Information supplied:
►

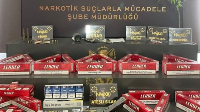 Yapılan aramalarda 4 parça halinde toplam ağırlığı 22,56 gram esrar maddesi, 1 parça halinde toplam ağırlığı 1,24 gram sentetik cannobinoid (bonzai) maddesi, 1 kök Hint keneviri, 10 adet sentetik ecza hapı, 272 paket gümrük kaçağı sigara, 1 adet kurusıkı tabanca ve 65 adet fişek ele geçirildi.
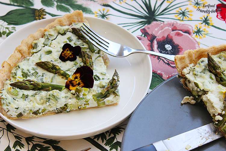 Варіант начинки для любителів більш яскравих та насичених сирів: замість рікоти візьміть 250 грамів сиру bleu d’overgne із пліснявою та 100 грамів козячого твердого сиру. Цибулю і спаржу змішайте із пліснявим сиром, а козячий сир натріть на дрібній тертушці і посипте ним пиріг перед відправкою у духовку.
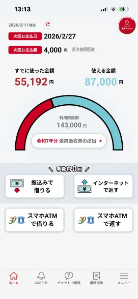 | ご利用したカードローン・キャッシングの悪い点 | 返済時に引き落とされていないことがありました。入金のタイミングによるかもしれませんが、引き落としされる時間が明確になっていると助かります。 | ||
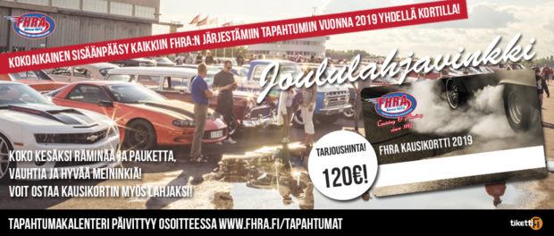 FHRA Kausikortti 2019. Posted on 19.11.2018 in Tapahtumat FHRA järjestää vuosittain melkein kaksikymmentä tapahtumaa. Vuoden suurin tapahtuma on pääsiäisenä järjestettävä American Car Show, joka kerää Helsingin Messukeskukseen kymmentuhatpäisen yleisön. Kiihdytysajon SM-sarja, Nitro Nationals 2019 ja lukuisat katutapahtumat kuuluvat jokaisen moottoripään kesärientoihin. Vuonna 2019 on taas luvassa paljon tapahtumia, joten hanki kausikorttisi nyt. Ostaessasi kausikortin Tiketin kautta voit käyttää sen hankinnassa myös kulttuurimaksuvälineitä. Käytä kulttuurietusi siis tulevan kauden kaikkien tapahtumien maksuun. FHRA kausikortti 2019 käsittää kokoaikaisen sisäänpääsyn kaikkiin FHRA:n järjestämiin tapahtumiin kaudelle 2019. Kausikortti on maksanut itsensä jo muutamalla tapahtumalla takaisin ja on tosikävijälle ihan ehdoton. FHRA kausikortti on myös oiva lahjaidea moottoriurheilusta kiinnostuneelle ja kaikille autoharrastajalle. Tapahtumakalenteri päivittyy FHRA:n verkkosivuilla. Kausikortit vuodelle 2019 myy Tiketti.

◄

Exercise instructions: An exact reproduction of the data is needed, with no pictures included.

Response area:
 Yapılan aramalarda 4 parça halinde toplam ağırlığı 22,56 gram esrar maddesi, 1 parça halinde toplam ağırlığı 1,24 gram sentetik cannobinoid (bonzai) maddesi, 1 kök Hint keneviri, 10 adet sentetik ecza hapı, 272 paket gümrük kaçağı sigara, 1 adet kurusıkı tabanca ve 65 adet fişek ele geçirildi.
 Варіант начинки для любителів більш яскравих та насичених сирів: замість рікоти візьміть 250 грамів сиру bleu d’overgne із пліснявою та 100 грамів козячого твердого сиру. Цибулю і спаржу змішайте із пліснявим сиром, а козячий сир натріть на дрібній тертушці і посипте ним пиріг перед відправкою у духовку.
 | ご利用したカードローン・キャッシングの悪い点 | 返済時に引き落とされていないことがありました。入金のタイミングによるかもしれませんが、引き落としされる時間が明確になっていると助かります。 | ||
 FHRA Kausikortti 2019. Posted on 19.11.2018 in Tapahtumat FHRA järjestää vuosittain melkein kaksikymmentä tapahtumaa. Vuoden suurin tapahtuma on pääsiäisenä järjestettävä American Car Show, joka kerää Helsingin Messukeskukseen kymmentuhatpäisen yleisön. Kiihdytysajon SM-sarja, Nitro Nationals 2019 ja lukuisat katutapahtumat kuuluvat jokaisen moottoripään kesärientoihin. Vuonna 2019 on taas luvassa paljon tapahtumia, joten hanki kausikorttisi nyt. Ostaessasi kausikortin Tiketin kautta voit käyttää sen hankinnassa myös kulttuurimaksuvälineitä. Käytä kulttuurietusi siis tulevan kauden kaikkien tapahtumien maksuun. FHRA kausikortti 2019 käsittää kokoaikaisen sisäänpääsyn kaikkiin FHRA:n järjestämiin tapahtumiin kaudelle 2019. Kausikortti on maksanut itsensä jo muutamalla tapahtumalla takaisin ja on tosikävijälle ihan ehdoton. FHRA kausikortti on myös oiva lahjaidea moottoriurheilusta kiinnostuneelle ja kaikille autoharrastajalle. Tapahtumakalenteri päivittyy FHRA:n verkkosivuilla. Kausikortit vuodelle 2019 myy Tiketti.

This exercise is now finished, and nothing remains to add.